Eric Schlosser’in çarpıcı örnekleriyle devam edelim..’’IFF, -International Flavors & Fragrances Inc.- 1833 yılından beri faaliyette olan dünyanın en büyük aroma şirketi.. Estee Lauder’in  Beautiful, Clinique’in Happy, Lancome’un Tresor ve Calvin Klein’ın Eternity markaları da dahil olmak üzere, ABD’nin en çok satan on parfümünün altısının kokularını imal ediyor. Ayrıca deodorant, bulaşık deterjanı, banyo sabunu, şampuan, mobilya ve yer cilası gibi ev ürünlerinin kokularını da üretiyor. Bütün bu aromalar aynı temel yöntemle üretiliyor. Uçucu kimyasal maddelerin moleküler yapılarıyla oynanarak belli kokular elde ediliyor. Dondurulmuş  yemeğinizin tadının belirlenmesinde kullanılan temel bilimsel yöntem, tıraş kreminizin kokusu üretilirken kullanılandan farklı değil.

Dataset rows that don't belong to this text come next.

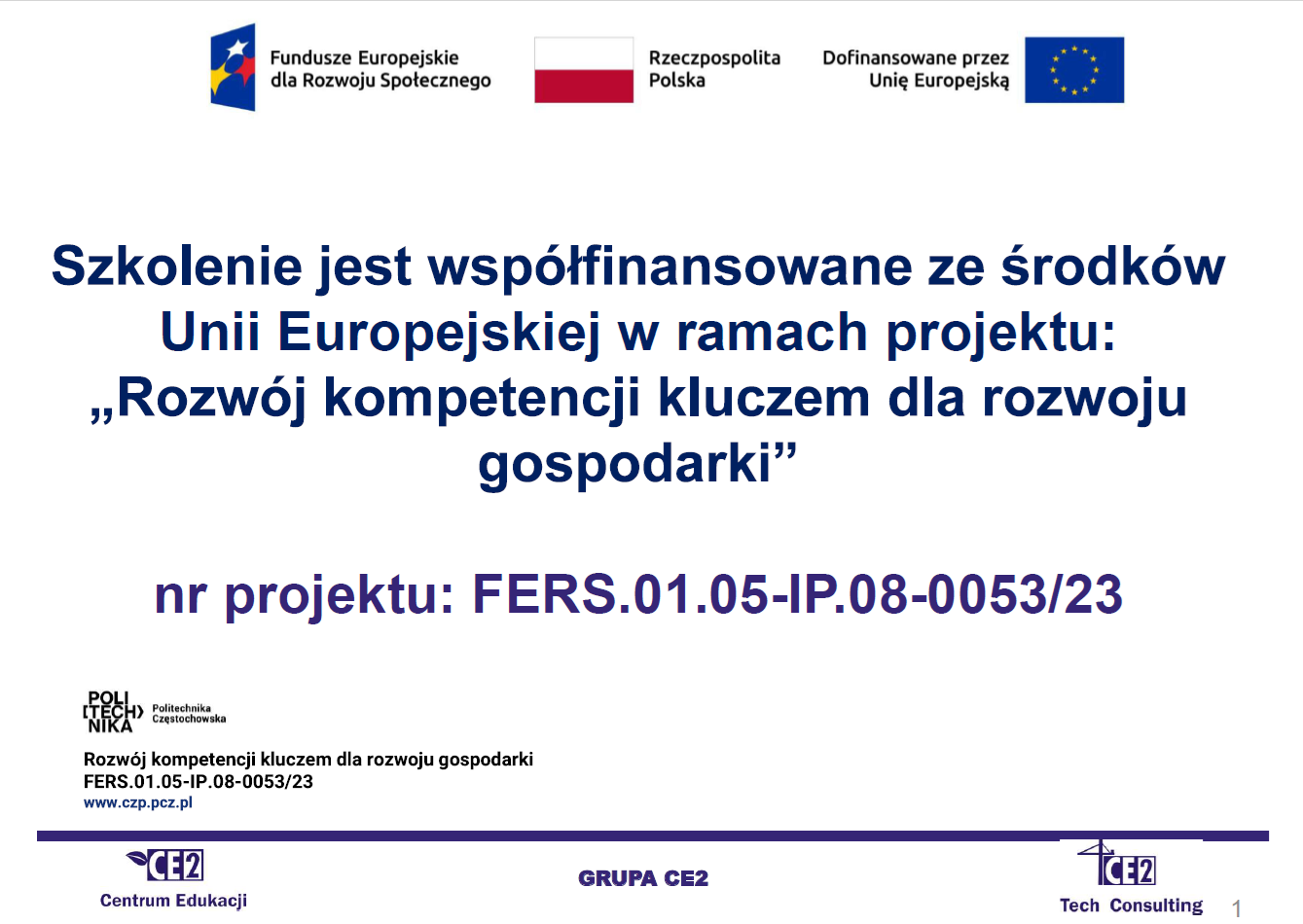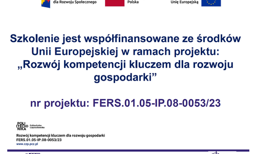Szkolenie było współfinansowane ze środków Unii Europejskiej w ramach projektu: „Rozwój kompetencji kluczem dla rozwoju gospodarki”, nr projektu: FERS.01.05-IP.08-0053/23.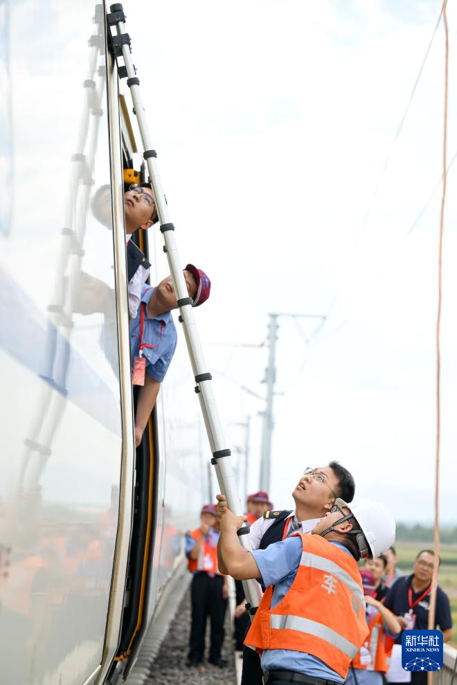 8月19日,兰州车辆段动车组随车机械师和列车长在搭设动车组登顶梯。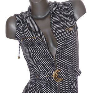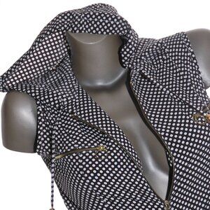 Black & White Polka Dot Jumpsuit / Romper with wide legs, hood & matching belt. Zip front with faux zip pockets on chest. Excellent condition. Work, party or play...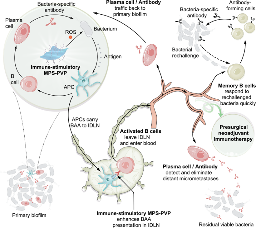 图1 免疫刺激性MPS-PVP用于诱导抗生物膜体液免疫和实现术前新辅助免疫治疗的示意图 © 2022 The Author(s)

Örneğin ‘’doğal duman aroması’’.. Talaş yakılarak ve havaya salınan aroma verici kimyasal maddeleri yakalayarak doğal tütsü aroması imal ediliyor. Sonra bu duman suyla yakalanıp şişeleniyor. Ve odun ateşinde pişmiş izlenimi veren yiyecekler satmak isteyen şirketlere satılıyor. ‘’

chemdrawing

Gıda endüstrisine tatlandırıcıları (aspartam), koruyucuları (benzoat), renk vericileri (E102) ve lezzet artıcı katkıları (MSG)hediye eden dahi aromacılara saygı duymamak mümkün değil ama çarpıcı örnekleri arttırmak mümkün..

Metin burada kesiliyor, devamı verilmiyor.